Justice Alexandre de Mores on Friday ordered the removal of 16 Twitter accounts and 12 Facebook accounts, a decision linked to ongoing investigations into alleged proliferation of devolution by supporters of right-wing Bolsonaro.

Among the objectives of the “fake news” investigation, as it is known in Brazil, is to find out if misinformation and threats against Supreme Court officials are being funded illegally.

The owners of the suspended accounts include Roberto Jefferson, a former congressman and conservative PTB party president, as well as businessman Luciano Hang, Edgar Corona and Oscar Fakhoury, and activist Sarah Jiromini, widely known as Sarah Winter.

Moras ordered blocked accounts in a separate ruling in May, although the accounts were not removed at that time.

Moras’ Friday order stated that the accounts should be withheld from “being used as a means to conduct potentially criminal conduct”.

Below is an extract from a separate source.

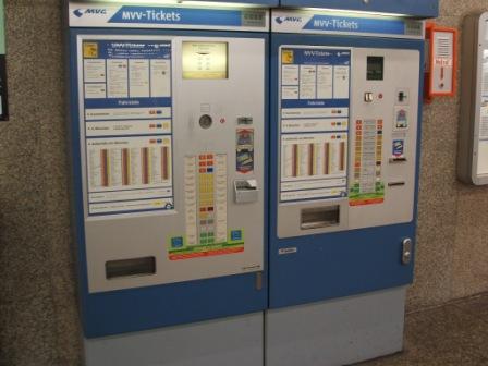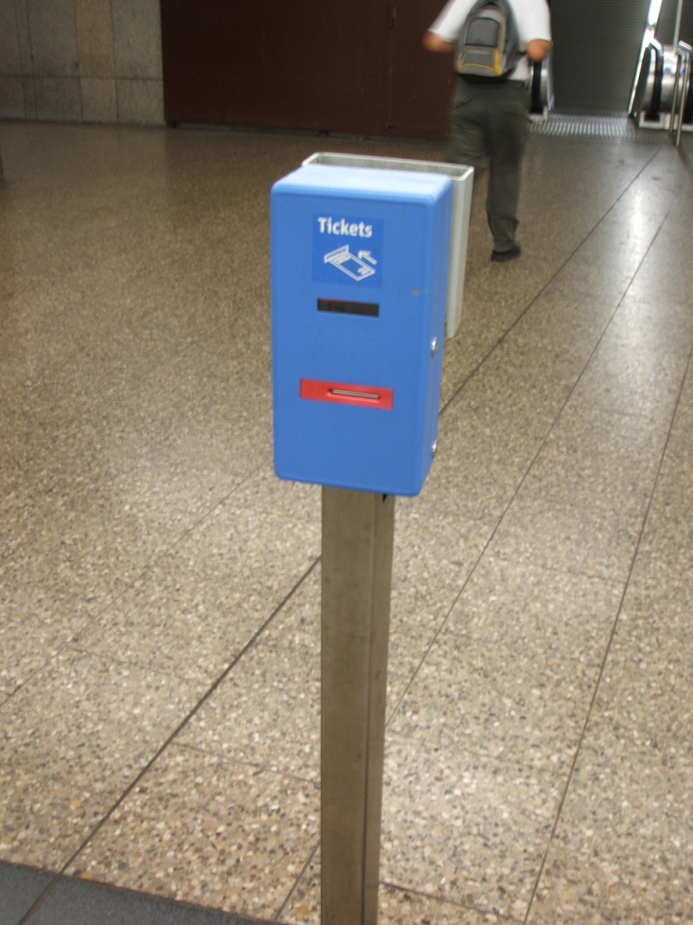 日本人にとって驚きなのは駅に改札が存在しないことである。各人が駅やバス内に設置されている券売機(左)で購入した切符を、同じく駅やバス内に設置されている自動刻印機(Entwerter、右下)に自発的に差し込むことで時間が刻印され、その時間から数えて有効期間内(普通の切符は2時間。一日乗車券などもある。)は自由に電車

Facebook said in a statement that it “respects the judiciary and follows legitimate legal orders.” “Twitter acted strictly to comply with the legal order related to the Supreme Court investigation,” Twitter said in a statement.

Blocked Twitter itself accounts on pages where they would have accounts, with them suspended on Friday evening “in response to a legal order”.

The reaction among Brazilian conservatives was swift.

The PTB party said in a statement that it was surprised by “yet another arbitrary measure” ordered by Mora, which “(Jefferson’s) exercise hinders the right to freedom of expression and opinion on social media.”

Activist Winter said she would complain about “serious crimes against free speech from international human rights organizations”.

Although Bolsonaro did not immediately address the removal of the accounts, he has previously spoken out against the inquiry, calling it a serious threat to free speech.

Reporting by Ricardo Britto and Lysandra Paraguasu; Writing by Gram Slater; Editing by Leslie Adler

Our standard:Thomson Reuters Trust Theory.